Depois disto, os nossos bailarinos visitaram os alunos nas suas escolas para um
follow-up.
Organizamos regularmente conversas pós-espectáculo, onde
grupos de pessoas com deficiências auditivas também participam, comunicando
directamente com o coreógrafo em língua gestual – há um intérprete para o
restante público. Porque é que isto é tão importante? Porque, tal como na sala
de ensaios, estamos a criar fisicamente um desequilíbrio que provoca o
pensamento para a maioria das pessoas na audiência, onde precisam de enfrentar
uma situação em que se tornam numa minoria. Esta é a lógica e o quadro para a
construção dos nossos projectos de envolvimento e desenvolvimento de públicos a
vários níveis, com base no que se passa na sala de ensaios com os artistas,
concentrando-nos sempre na procura de uma forte ligação entre a parte artística
e a parte estrutural dos nossos projectos.
COMBINAÇÃO DA IDENTIDADE
E DO FOCO DA ESTRATÉGIA
Na nossa estratégia
de marketing envolvemos os nossos próprios bailarinos e convidamos fotógrafos e
realizadores a criar conteúdos promocionais pessoais e únicos com material que
encontram nos bastidores – por um lado, é uma boa forma de envolver o nosso
público e trazê-lo mais próximo da vida diária da companhia Pál Frenák; por
outro lado, está ajustado à equipa: como no processo criativo, o coreógrafo
compõe os elementos de uma peça com base na personalidade dos bailarinos, e
eles ficam mais ligados emocionalmente, envolvendo-os na estratégia de
marketing cria a possibilidade de uma forma muito honesta e única de
comunicação do nosso produto artístico também, e é mais que inspirador
pensarmos em conjunto o até onde podemos chegar juntos.

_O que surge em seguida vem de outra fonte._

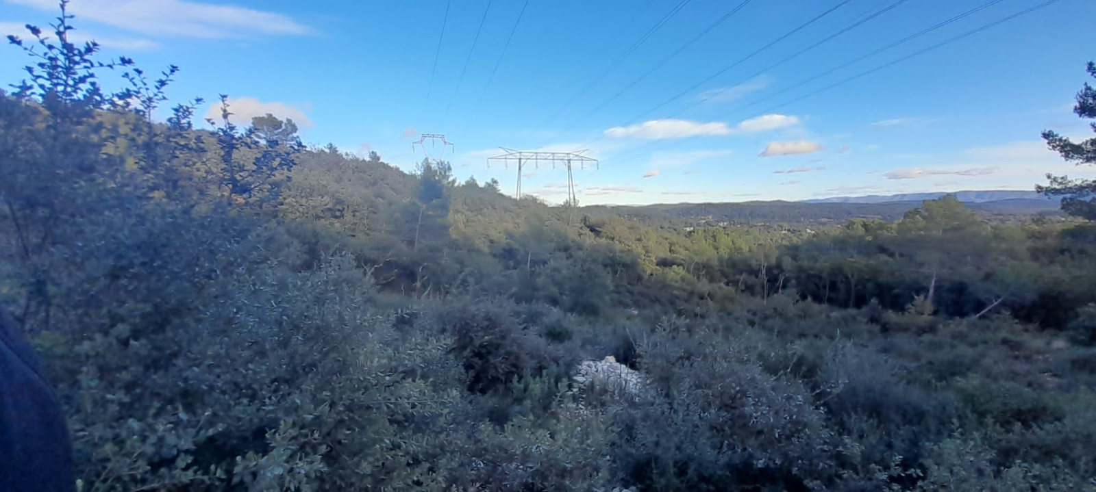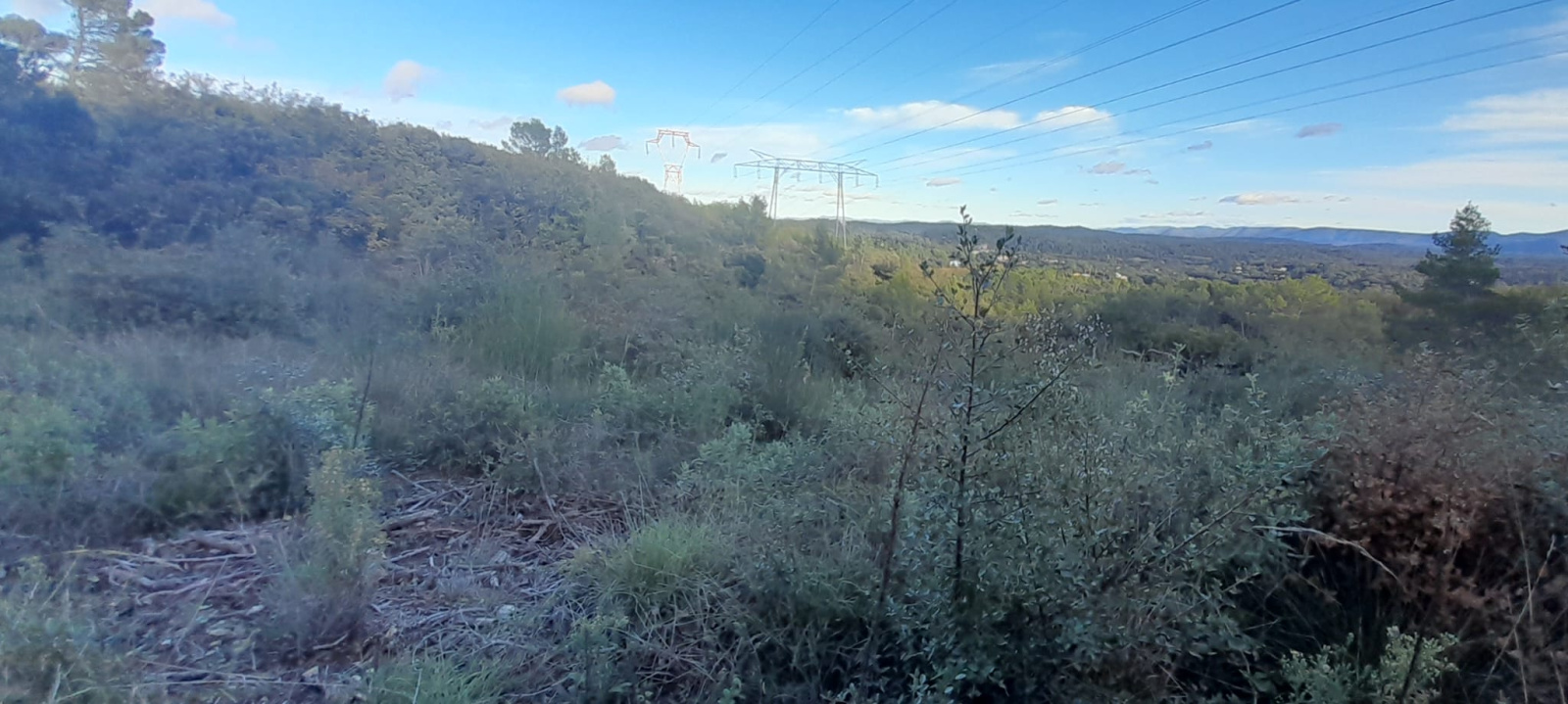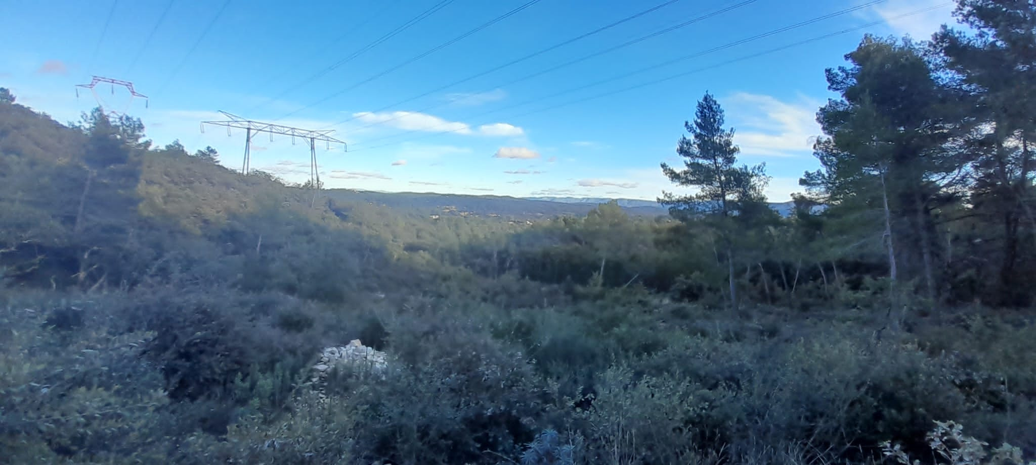 L’accès s’effectue par une piste nécessitant un véhicule adapté. Le terrain, en pente, est survolé par des lignes à haute tension.

O mesmo acontece com a nossa estratégia de fundraising e de assinaturas. A nossa companhia não tem o seu próprio espaço, por isso colaboramos com vários teatros. O que significa que podemos essencialmente oferecer aos nossos patrocinadores uma vista sobre a vida da companhia, em vez de, por exemplo, descontos no parque de estacionamento. Mas, para termos uma estrutura sustentável, quando optamos por uma forma ou evento para envolver os nossos futuros mecenas, precisamos de ver com atenção quem somos como companhia, mantendo-nos verdadeiros, honestos e livres. Se a companhia nunca quis organizar uma festa de ano novo, mas se existe, por outro lado, uma bonita tradição de nos juntarmos no 2 de Janeiro, é importante usarmos este evento para fundraising. Em alguns casos, vamos fazer picnics no parque com coreografias site-specific, em vez de organizarmos jantares formais, porque é isto o que somos; uma colecção de sacos criada por um designer de moda sobre uma peça, em vez de lápis ou ímans com logos como merchandising; porque é esta a nossa maneira.
Estamos, claro, a meio do processo, mas explorarmos juntos
a identidade da companhia e encontrarmos ferramentas de gestão para estes
elementos é, de alguma forma, uma actividade a longo prazo de construção de
equipa, e também um desafio fantástico. Neste caso, a construção de uma
estratégia de gestão é, realmente, um processo criativo – paralelo ao
artístico. E quando tudo se compõe, quando a estratégia de gestão está
sincronizada com a área artística e as duas encontram mutuamente a inspiração,
quando está certo… não mais, nem menos do que precisamos… é a isso que
chamamos… sabem… “juste”.
Dóra Juhász é Gestora Artística da Compagnie Pál Frenák em
Budapeste, Hungria. Coordena o planeamento estratégico, as relações internacionais,
o branding, as digressões, o desenvolvimento de públicos, os patrocínios e o fundraising.
Entre 2006 e 2012, foi Responsável de Imprensa e Comunicação para a Casa Trafó
de Arte Contemporânea (Budapeste). É membro da Associação Húngara de Críticos de
Teatro e dá regularmente palestras e participa em conferências em todo o mundo.